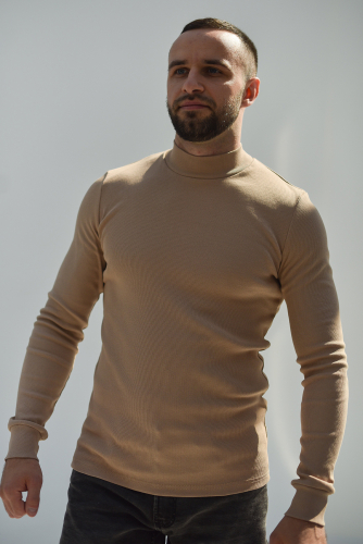 Классическая базовая водолазка выполнена из эластичного трикотажного полотна «кашкорсе». Водолазка с длинным втачным рукавом с манжетой по низу. Воротник - стойка.
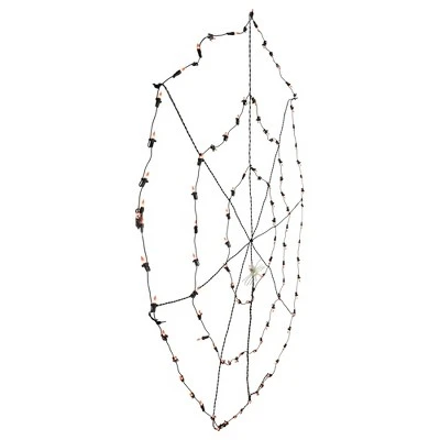 This lighted spider web will provide two decorations in one. Just perfect for your Halloween decor, a lighted spider is designed on on black wire, resembling a spider web. Decorate a mantelpiece, window or entryway with this fun web decoration.Product Features:Multi-dimensional lighted spider webColor: orange bulbs / black wire Number of bulbs: 100Bulb size: miniBulb type: incandescent36” black lead cordSuction cups included for window displayAdditional Product Features:For indoor use onlyComes with replacement bulbs and spare fusesContains 1 plug with end connector which allows you to stack multiple garlands together (not to exceed 210 watts)Wire gauge: 220 volts, 0 hertz, .00 amps, 0.0 watts Web dimensions: 5′ high x 55″ wideMaterial(s): PVC/glass bulbs/wire/metal
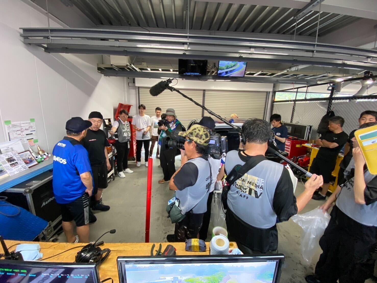 7月3日に茂利選手が単独で走行し、マシンと初コースへの習熟を深めました。翌4日の占有走行1本目では、小尾選手が1分43秒台の好タイムを記録し、他のドライバーも安定した走りを見せ、車両はニュートラルステアで扱いやすい挙動でした。全面改修されたSUGOの路面において、地元であるDドライバー大友選手の知見が全ドライバーのアジャストに貢献しました。占有走行2本目では、雨が降り始めコース後半がスリッピーになるトリッキーな路面状況でしたが、茂利選手、横尾選手、大友選手が安定した走りで習熟を重ねました。この走行中に、ドライバー冷却用ファンに接続されたホースのプラスチックが高温で燃えかけるトラブルが発生し、車内環境の過酷さがうかがえました。

======

Write out exactly, and only, the lines running from the line with "This lighted spider" to the last line above, both included, with all pictures omitted.

 This lighted spider web will provide two decorations in one. Just perfect for your Halloween decor, a lighted spider is designed on on black wire, resembling a spider web. Decorate a mantelpiece, window or entryway with this fun web decoration.Product Features:Multi-dimensional lighted spider webColor: orange bulbs / black wire Number of bulbs: 100Bulb size: miniBulb type: incandescent36” black lead cordSuction cups included for window displayAdditional Product Features:For indoor use onlyComes with replacement bulbs and spare fusesContains 1 plug with end connector which allows you to stack multiple garlands together (not to exceed 210 watts)Wire gauge: 220 volts, 0 hertz, .00 amps, 0.0 watts Web dimensions: 5′ high x 55″ wideMaterial(s): PVC/glass bulbs/wire/metal
 7月3日に茂利選手が単独で走行し、マシンと初コースへの習熟を深めました。翌4日の占有走行1本目では、小尾選手が1分43秒台の好タイムを記録し、他のドライバーも安定した走りを見せ、車両はニュートラルステアで扱いやすい挙動でした。全面改修されたSUGOの路面において、地元であるDドライバー大友選手の知見が全ドライバーのアジャストに貢献しました。占有走行2本目では、雨が降り始めコース後半がスリッピーになるトリッキーな路面状況でしたが、茂利選手、横尾選手、大友選手が安定した走りで習熟を重ねました。この走行中に、ドライバー冷却用ファンに接続されたホースのプラスチックが高温で燃えかけるトラブルが発生し、車内環境の過酷さがうかがえました。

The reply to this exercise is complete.